Les métaphores sur l’oiseau, lient sexualité et spiritualité dans la littérature et l’art et soulignent que ces deux dimensions de l’âme sont inséparables au sein de la psyche.

La métaphore animalière joue, comme le fait l’image du rêve, le rôle d’une contre-pensée. Elle provoque un saisissement, une soumission passive où l’émotion est première dans un laisser-advenir. Elle renvoie chacun à l’enfant qu’il a été découvrant le monde, tolère l’irrationnel et ouvre sur le symbolique. Elle représente également, dans le transfert, un écran latéral partagé, y permet l’émergence d’un paysage représentatif et l’expression de contenus affectifs qu’elle dégage de l’emprise interpersonnelles.

L’oiseau s’offre à l’imagination créatrice pour réunir, ensemble, le passé de l’individu et le mythe qui l’habite, c’est-à-dire ses théories sexuelles infantiles. L’image de l’oiseau s’inscrit aussi dans la mémoire du cosmos, celle où puisent les poètes et les écrivains.

Le rêve, la métaphore animalière, « surgissent » à la différence du fantasme, lequel réalise un désir refoulé sous le contrôle partiel de la conscience, un arrangement « fallacieux » avec les instances de la conscience subjective pour éviter la confrontation à l’inconnu. Même si Freud définit le rêve lui même comme la réalisation d’un désir refoulé, il faut lui ajouter la caractéristique, contrairement au fantasme, de faire irruption en dehors de la volonté consciente et sans négociation avec elle. La métaphore animalière prend un statut intermédiaire entre rêve et fantasme, celui d’un rêve dans l’éveil.

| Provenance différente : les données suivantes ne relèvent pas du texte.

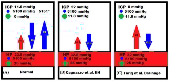 Correlation between capillary TMP and fluid flow. (A) The normal findings. The red segment is the capillary, the white the interstitial space. The small gaps in the upper wall of the capillary represent the aquaporin-4 water channels. These allow free passage of water but block salt and protein. ICP is the intracranial pressure. HP is the capillary hydrostatic pressure. The blue dot represents the salt and its osmotic pressure is beside it. The green dot represents the protein with its osmotic pressure is beside it. The red arrow represents the capillary TMP which is the ICP-HP. The middle blue arrow is the difference between the salt and protein osmotic pressure between the interstitium and the capillary. Subtracting the blue arrow from the red reveals the net pressure. This would tend to force water into the capillary at −13 mmHg. Despite this, no fluid can actually flow. Water absorption causing a 1% change in the interstitial volume would increase the interstitial osmotic pressure by 51 mmHg to 5151 as denoted with the asterisk, reversing the net osmotic pressure (right blue arrow) and reversing the fluid flow. (B) The findings in IIH from the study by Cagnazzo et al. [7]. The defects in the capillary wall are now larger, reflecting BBB breakdown. There is free flow of water and also salt, but the wall is semipermeable to protein. The capillary TMP is smaller than in the normal study. The movement of proteins has left a net osmotic gradient of 13.2 mmHg, as predicted by Equation (14). There is net fluid absorption into the capillary due to a net pressure gradient of −2.4 mmHg. (C) The findings in the study by Tariq et al. [10]. The capillary TMP has increased but the osmotic gradient is the same as (B). The net pressure gradient is +8.8 mmHg, favouring increased CSF production. *: This denotes the increased osmotic pressure, as described.
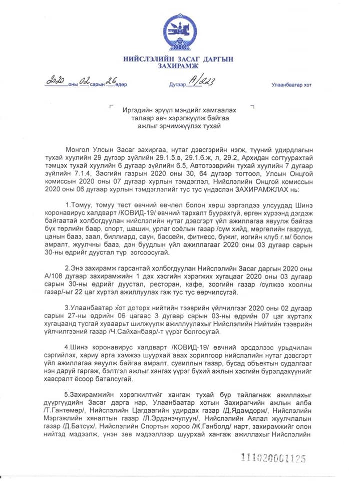 ИРГЭДИЙН ЭРҮҮЛ МЭНДИЙГ ХАМГААЛАХ ТАЛААР АВЧ ХЭРЭГЖҮҮЛЖ БАЙГАА АЖЛЫГ ЭРЧИМЖҮҮЛЭХ ТУХАЙ НИЙСЛЭЛИЙН ЗАСАГ ДАРГЫН А/223 ДУГААР ЗАХИРАМЖ
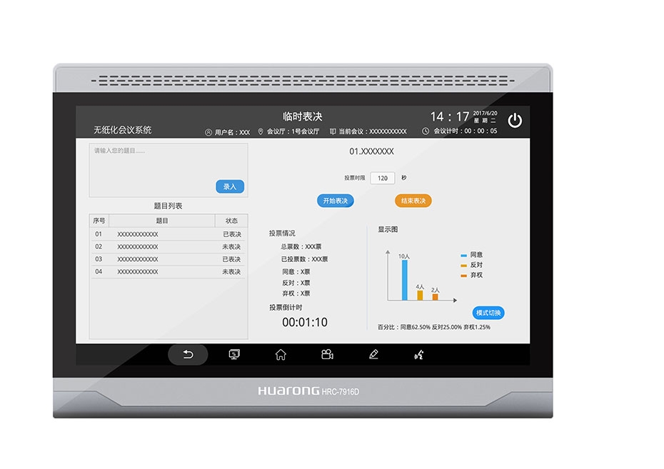 产品简介:电子桌牌HRC-7916支持会议资料查看功能,上传会议中所需用到的会议资料 点击“上传资料”按钮打开上传窗口,可多文件同时导入再统一把文件推送至终端,终端上直接触控察看文件。
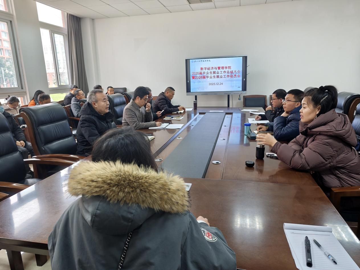 2025年12月24日下午,sunbet申搏官方网站数字经济与管理学院在2号教研楼110会议室召开数字经济与管理学院2025届毕业生就业工作总结大会暨2026届毕业生就业工作动员会。数字经济与管理学院党总支书记黄泓轲,院长邵其会,党总支专职副书记易新忠,副院长何瑞以及全体教师参加了会议。
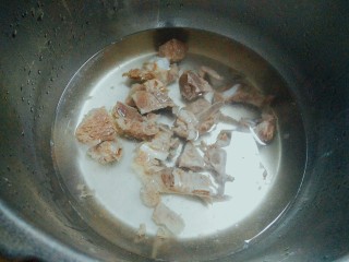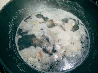 煮到排骨里的血沫浮起,捞出,洗掉血抹
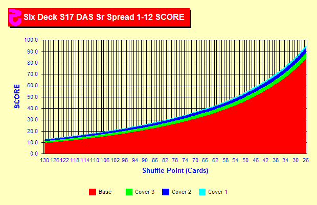 Here we see the SCOREs in a six-deck game for all penetrations from 26 to 130 cards behind the cut card. The top line displays the SCOREs assuming a full set of indexes. The cyan area represents the loss resulting from the use of rule #1 above (always stand on 16). The blue area is the additional loss caused by the #2 cover rules and the green area is the loss by also using the #3 rules. Therefore, the red area displays SCOREs using all three rules. Note: the losses from rule #2 would have been a bit lower with fewer indexes in use. Note: You can reduce the impact by merely changing the indexes of these plays to play them incorrectly in fewer situations.
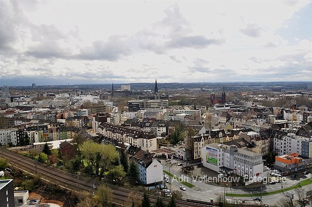 Uitzicht over Bochum vanaf de schacht bij het bergbau-museum.
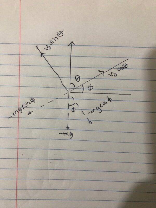 I understand how the diagram below determined the ##x## and ##y## axis for the velocity vectors but I don't understand the gravity vectors. What I don't understand about the gravity vectors is why is ##-mg## in the ##y-##axis equal to ##-mg\cos\theta## and the ##x-##axis is equal to ##-mg\cos\theta## even though the diagram for the velocity vector has the ##y-##axis as ##v_0\sin\theta## which is exactly on the same axis for the gravity vector so shouldn't the gravity vectors ##\cos## and ##\sin## be flipped? Also, I don't understand how the ##\phi## angle below the horizontal was determined in the diagram. Shouldn't that ##\phi## be instead ##\theta##?
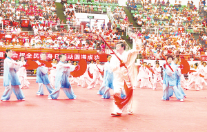昨日上午,精彩的全民健身节目在市体育馆展演。8月8日,我市举行“全民健身日”活动开幕式,以进一步推动全民健身活动开展。

J’évoquerai successivement la symbolique attachée à quelques images d’oiseaux Je développerai à travers deux exemples l’utilisation d’ images d’oiseaux par des psychanalystes célèbres, Freud et Ferenczi, comme une représentation à l’origine d’une construction théorique, à la fois, comme tout texte psychanalytique, autoportrait intimiste et adresse messagère. Je choisirai deux exemples artistiques : le célèbre oiseau Loplop du peintre Max Ernst et l’image de l’oiseau chez le cinéaste cambodgien Rithy Panh.


Quelques oiseaux et leurs symboles illustrent le lien entre sexualité et spiritualité.

La colombe, symbole de l’Esprit-Saint comme de la féminité, s’oppose à l’aigle ou à l’épervier.

Joyce Carol Oates, dans confessions d’un gang de filles décrit de façon saisissante et sensuelle l’observation libératrice, à travers la lucarne de la cellule carcérale d’une maison de correction, d’un vol d’éperviers, par une détenue :

    « Du pouce, l’une des gardiennes l’a pratiquement énuclée mais elle compte comme si sa vie, son âme en dépendaient : onze éperviers qui s’élèvent… descendent en vrille, si gracieux… puis s’élèvent… puis redescendent, en de larges spirales. Plumes brun-gris, camouflage astucieux. Ailes largement déployées, si puissantes qu’elles n’ont presque pas besoin de battre pour porter les grands oiseaux.
    Des chasseurs. Les maîtres de l’air.
    Suis-je une des vôtres ? Prenez moi avec vous. »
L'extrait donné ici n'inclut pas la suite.